Hip hop gets the drop

Music is one the most diverse areas in entertainment. And, considering the fact that the University of La Verne prides itself on diversity, it would only make since that the concerts performed on campus would be just as diverse.

However, due to insurance policies and “risk factors,” hip hop artists are not allowed to perform on campus.

The University’s insurers apparently think that these concerts are too much of a liability.

The notion is based on past events with a “history of losses and claims,” according to ULV’s Director of Risk Management Clark Hitt. None of these events, however, took place at ULV.

Still the cost of insuring hip hop is more expensive than the University wants to pay.
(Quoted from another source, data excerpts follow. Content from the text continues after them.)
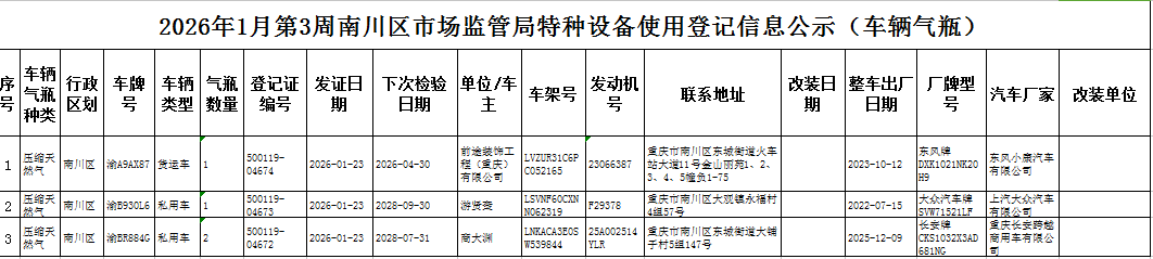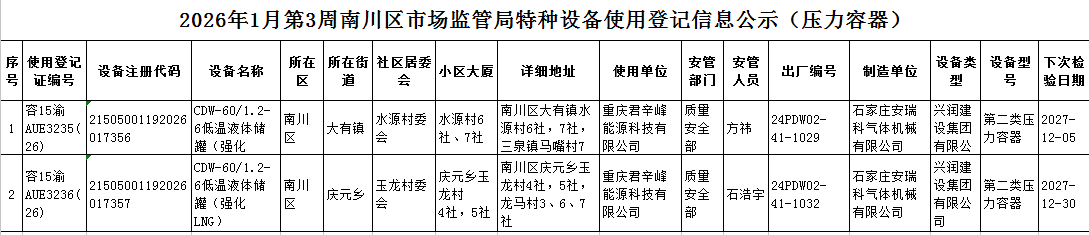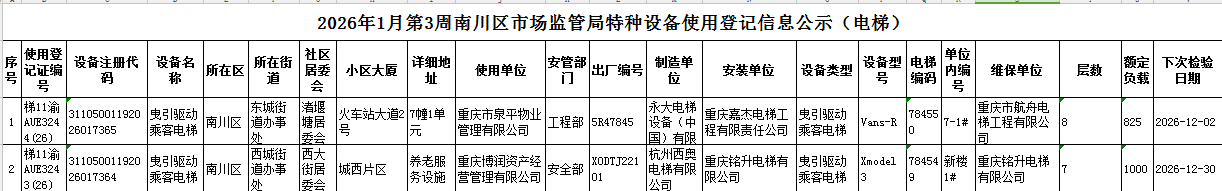 2026年1月第3周南川区市场监管局特种设备使用登记信息
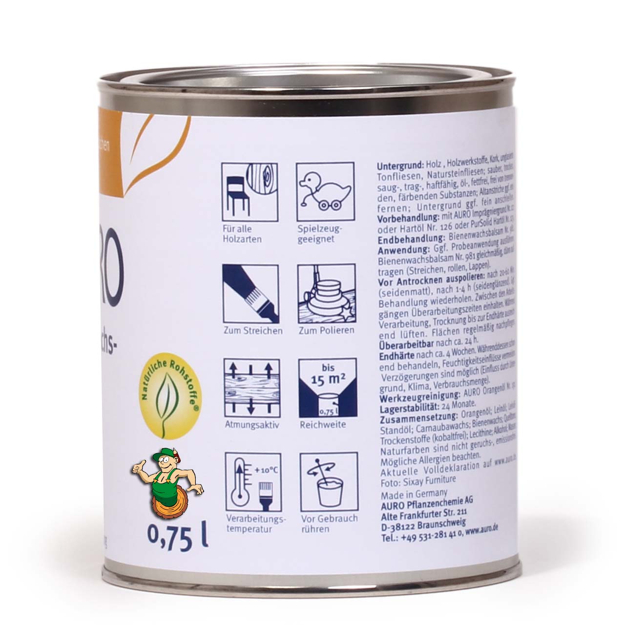 Dieser flüssige Balsam aus Bienenwachs ist für die Pflege von Holz im Innenbereich gedacht und sorgt für eine honiggetönte Holzoberfläche mit angenehmer Haptik. Für seidenmatte Ergebnisse wird das Holz nach 20 bis 60 Minuten poliert, für seidenglänzende Ergebnisse nach 1 bis 4 Stunden.
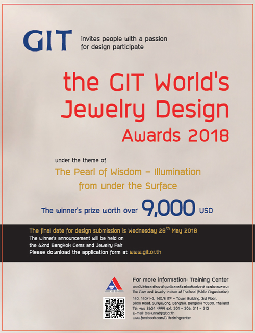 GIT will announce the winners of the contest on September 10, 2018 and the design of the finalists will be made into jewelry to be exhibited at the 62nd Bangkok Gems & Jewelry Fair that will be held from September 7 to 11, 2018 at Challenger Hall, IMPACT, Muang Thong Thani.
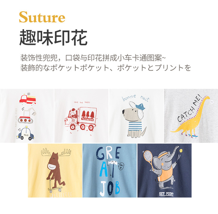 fx-儿童趣味印花插肩袖T恤PCTX2413
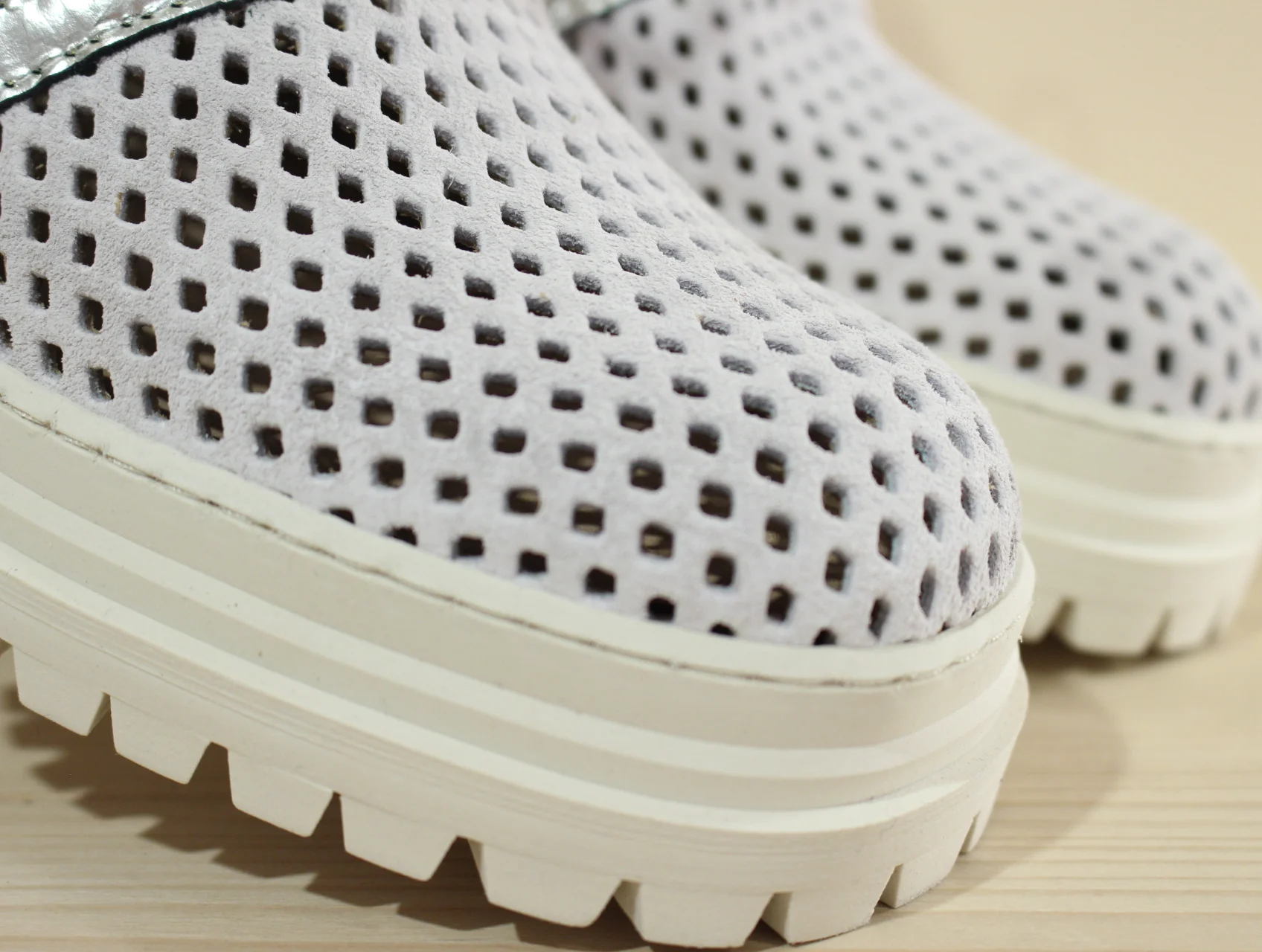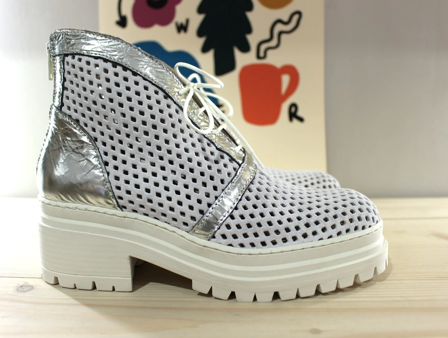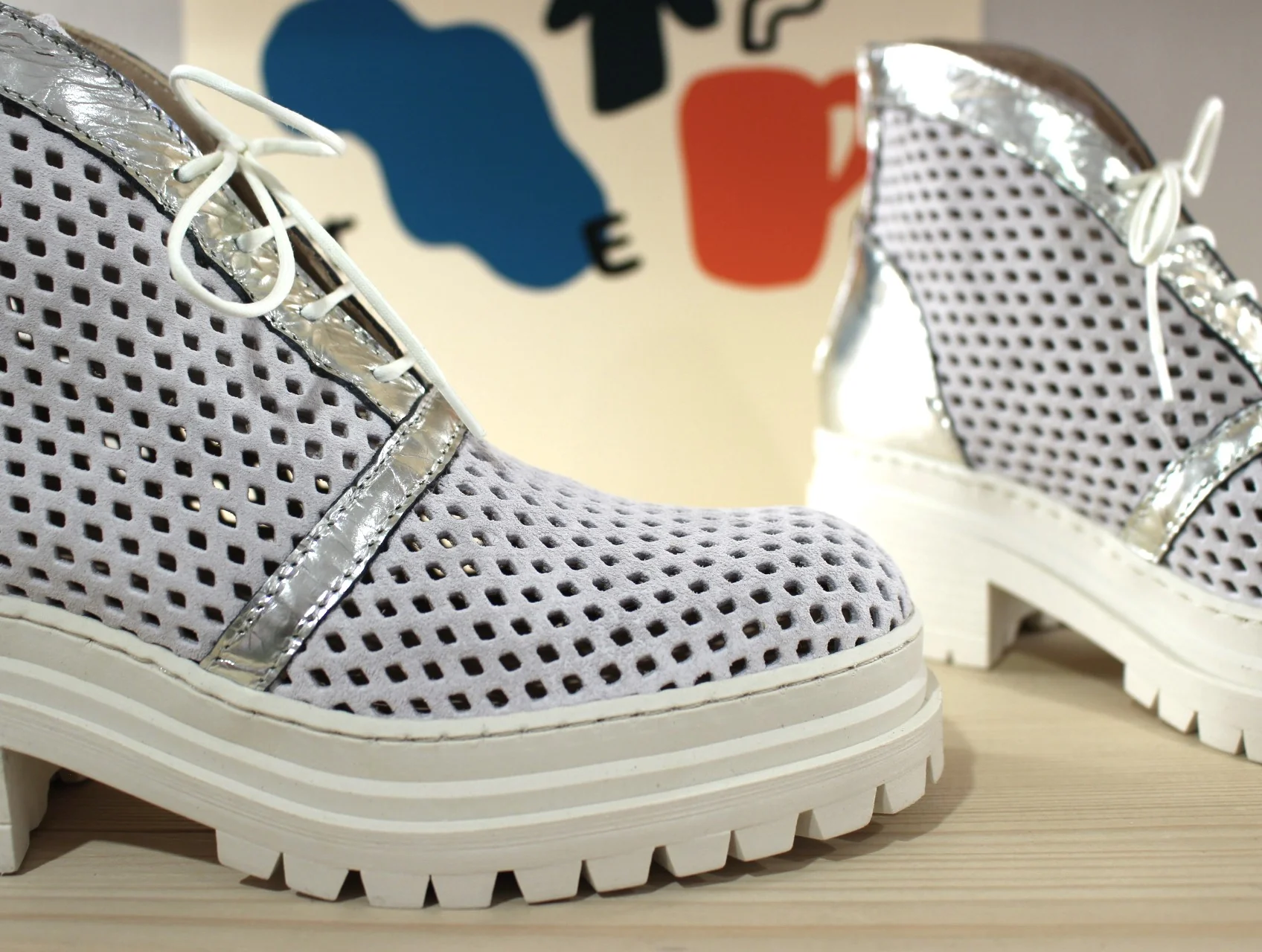 Chaussures CASTA – Zuma. Fabrication portugaise. Bottines en cuir nubuck de couleur blanc et métallisé acier. Serrage lacets en coton blanc. Zip à l’arrière. Cuir perforé. Chaussures doublées cuir. Semelle interne amovible. Hauteur de la tige de 11 cm. Semelle externe en gomme crantée de 3 cm. Talon de 2.5 cm. Existe du 36 au 41.
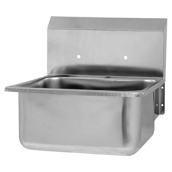 Sink, Stainless Steel, 16 Gauge, Overall Length 21 In., Overall Width 20 In., Overall Height 19.5 In., Number of Stations 1, Single Bowl, Bowl Size 19L x 16W x 10D In., Mounting Type Wall, Faucet Mounting Centers 8 In., Number of Holes 2, Drain Opening 2 In., Electropolished Color/Finish, Standards NSF, Includes Wall Mounting Bracket and Strainer
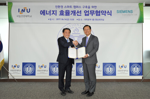 [대학저널 신효송 기자] 인천대학교(총장 조동성)와 지멘스㈜ (회장 김종갑)가 16일 '친환경 스마트 캠퍼스 구축을 위한 양해각서(MOU)'를 체결했다.

Excluding all forms of hip hop music from performing is discriminatory. Yes, hip hop is known for being rough, hard, violent – and predominantly African American. Some songs talk about guns and killing people, but that is only one style of hip hop music.

Not every hip hop song glamorizes the thug life. There are artists who are inspired by rappers like Common which have a poetic soul to their songs or Lil’ Mama which are just fun to get up and dance to.

When hiring hip hop acts to perform, the artists should be screened first to see if their style of music will stir up violent behavior. If the music sends out a positive message, then there is no reason why they cannot perform.

Allowing for acts to be screened beforehand or placing restrictions on acts would give the company a chance to decide the liability of that specific artist/concert. This way students can attend hip hop performances on campus and the insurance company does not have to worry about a high liability rate.

The current policy makes it seem like hip hop performances are the only ones that can become unruly and wild. Rock performances can become rowdy too at times, but the insurance for rock concerts has not become prohibitive.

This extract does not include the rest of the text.